A NATO official said at least 20 people had died in the past seven days in and around the airport. Some were shot and others died in stampede, witnesses said.
British Prime Minister Boris Johnson on Tuesday called a virtual meeting of leaders of the G7 rich countries to “ensure safe evacuations, prevent a humanitarian crisis and support the Afghan people”.
US airlines to help with evacuations
The United States on Sunday ordered six commercial airlines to help transport people after their evacuation from Afghanistan.
The Pentagon said it called in 18 commercial jets from United Airlines, American Airlines, Delta Air and others to transport the evacuees from temporary sites, which include a dozen countries in Europe, the Middle East and Central Asia.
Army Major General William Taylor said last week that the United States evacuated 17,000 people, including 2,500 Americans, from Kabul.

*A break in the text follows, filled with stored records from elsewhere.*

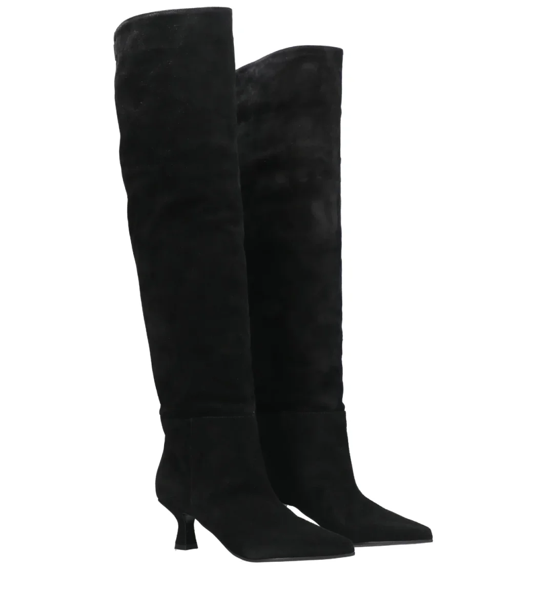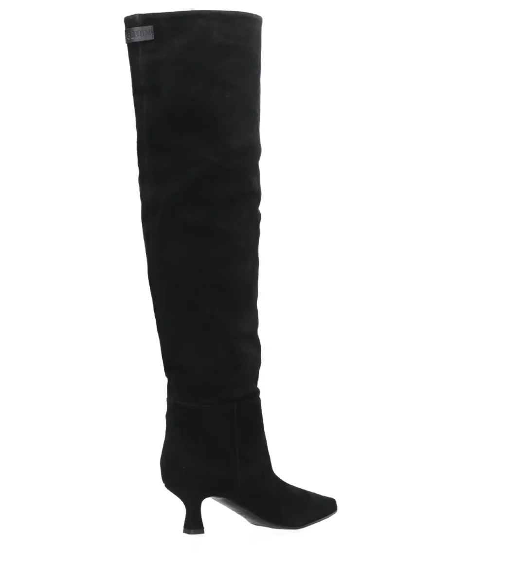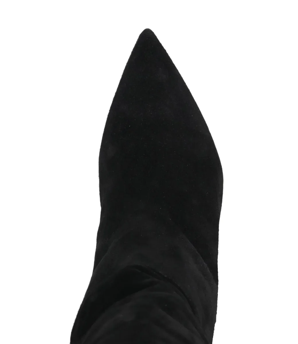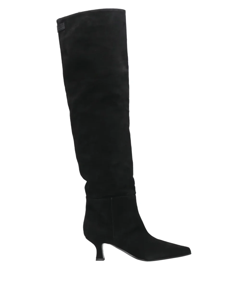 Stivale 3Juin realizzato in suede color nero con patch logo sul retro. Caratterizzato da punta affilata, fodere in pelle e suola in cuoio / gomma. Completa il design il tacco a rocchetto rivestito.
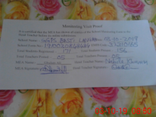 | EMIS Code: 32310165 | Name of School: GGPS BASTI LANGAH | |||
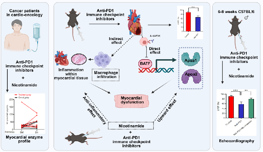 随着免疫检查点抑制剂在肿瘤治疗中的广泛应用,其所致心脏免疫相关不良事件(irAEs)已成为临床面临的严峻挑战。虽然心脏irAEs发生率较低,但起病隐匿、进展迅速、死亡率极高,且缺乏有效的预警和防治手段。该研究通过多中心临床数据与实验研究相结合,首次发现PD-1抑制剂通过下调转录因子BATF,直接导致心脏保护因子载脂蛋白ApoA1/ApoA2表达下降,且心肌组织中巨噬细胞浸润增多是导致心功能下降的重要环节,而烟酰胺能够显著上调ApoA1/ApoA2表达,抑制心肌炎症反应,保护心功能。
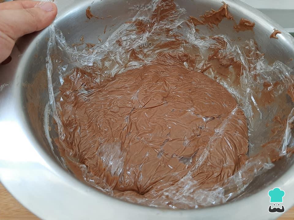 Cubra a massa com um filme plástico e leve à geladeira para firmar um pouco mais, entre 30 minutos e 1 hora.
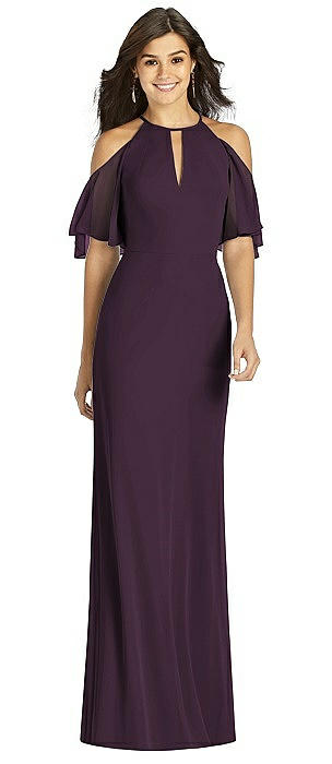 Ruffle Cold-Shoulder Mermaid Maxi Dress sienna sky wrap dress
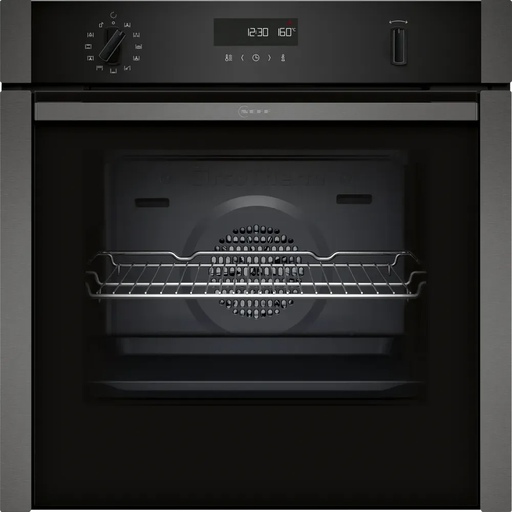 This Neff oven is a true kitchen helper. With Home Connect, you can control and monitor your oven from anywhere and even discover new recipe ideas through the app. The Slide&Hide door slides under the oven for easy access without bending down. Cleaning is simple with the pyrolytic self-cleaning function, which uses high heat to turn food residue into ash. For everyday cleaning, EasyClean uses steam to soften residue, making it easy to wipe away.
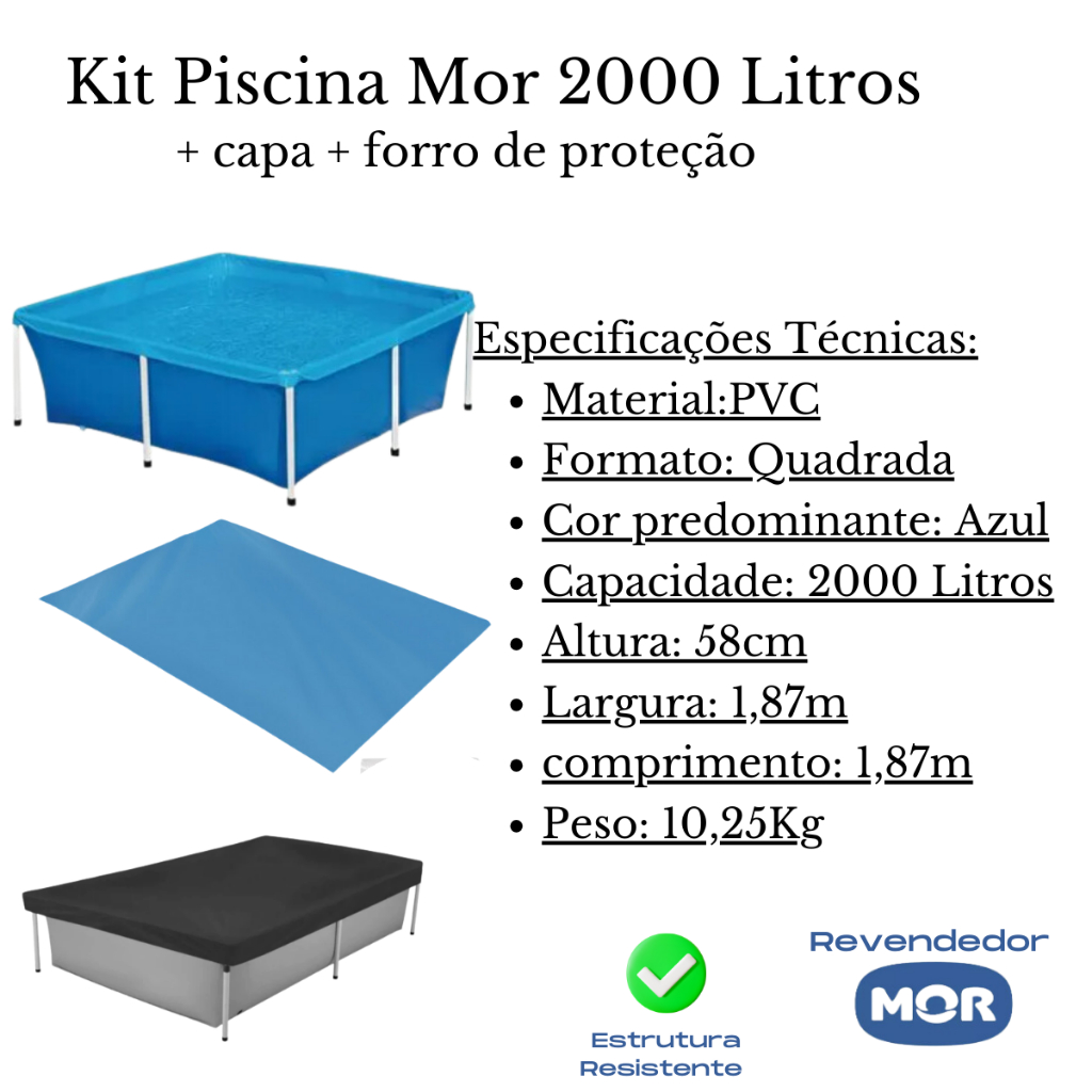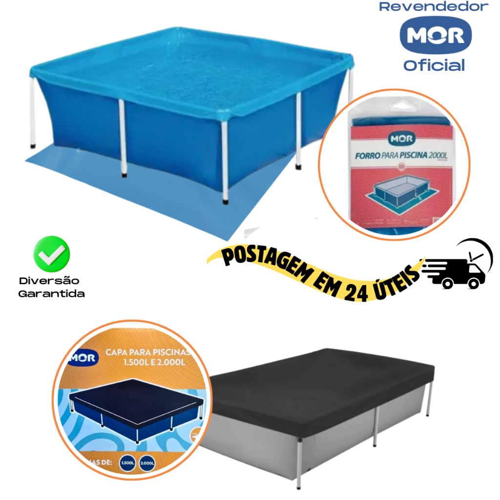 Piscina Infantil 2000 Litros Quadrada Mor + Capa + Forro
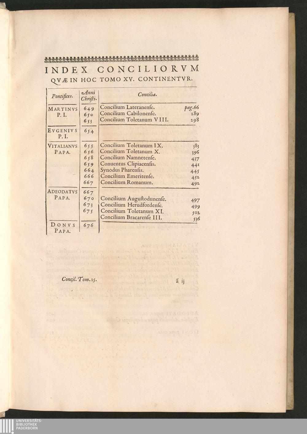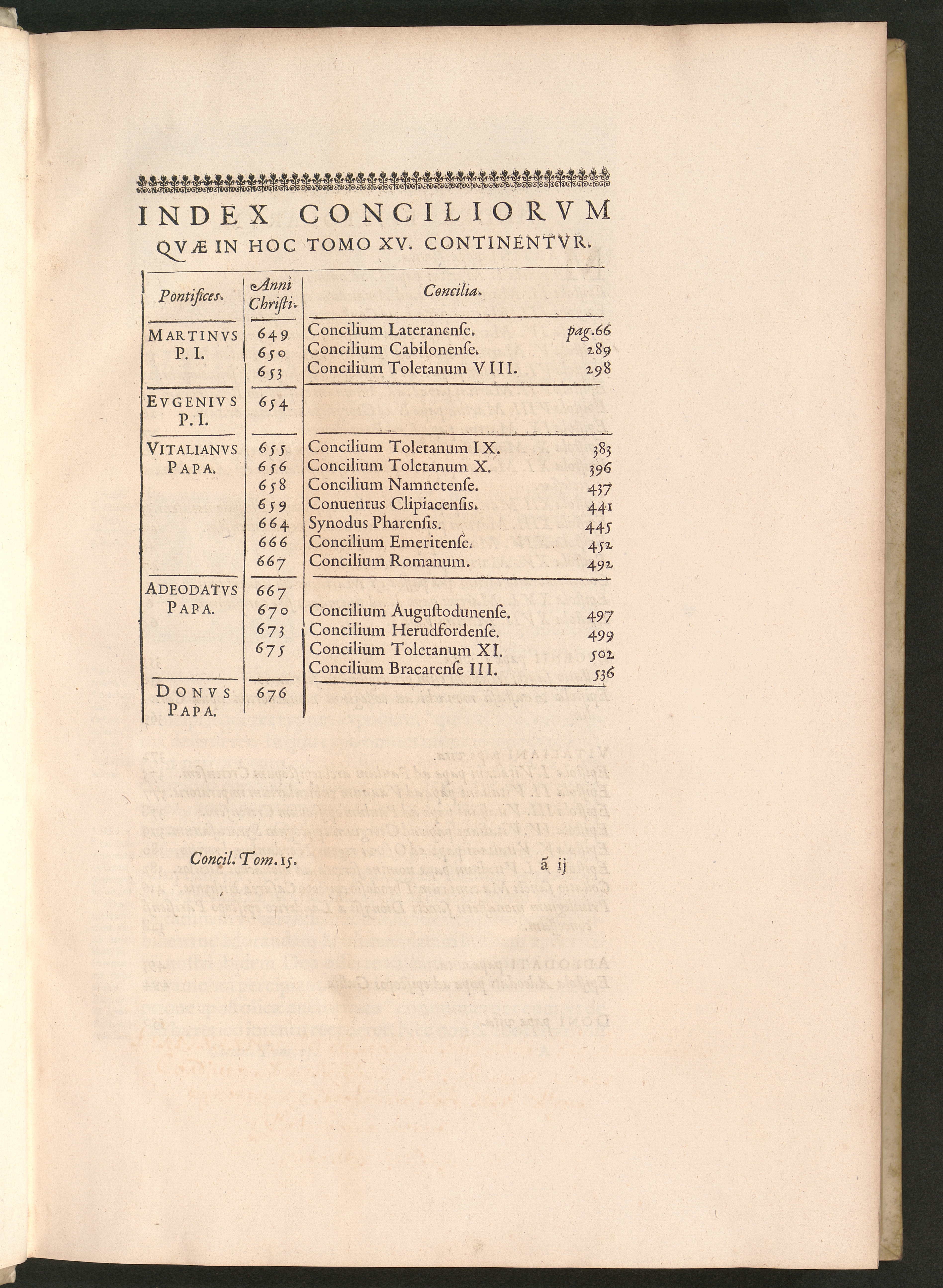 Index Conciliorvm Qvae In Hoc Tomo XV. Continentvr.

The British ambassador to Afghanistan said British authorities had managed to evacuate more than 5,000 people.
In a statement on Twitter, Laurie Bristow said the “huge effort” to get evacuees out of Afghanistan “is gathering pace” but there is still “a tremendous amount of work to be done”.
Australia made four flights to Kabul on Saturday, evacuating more than 300 people, Prime Minister Scott Morrison said.
The Netherlands said they would increase their military presence in Afghanistan to help with evacuation efforts.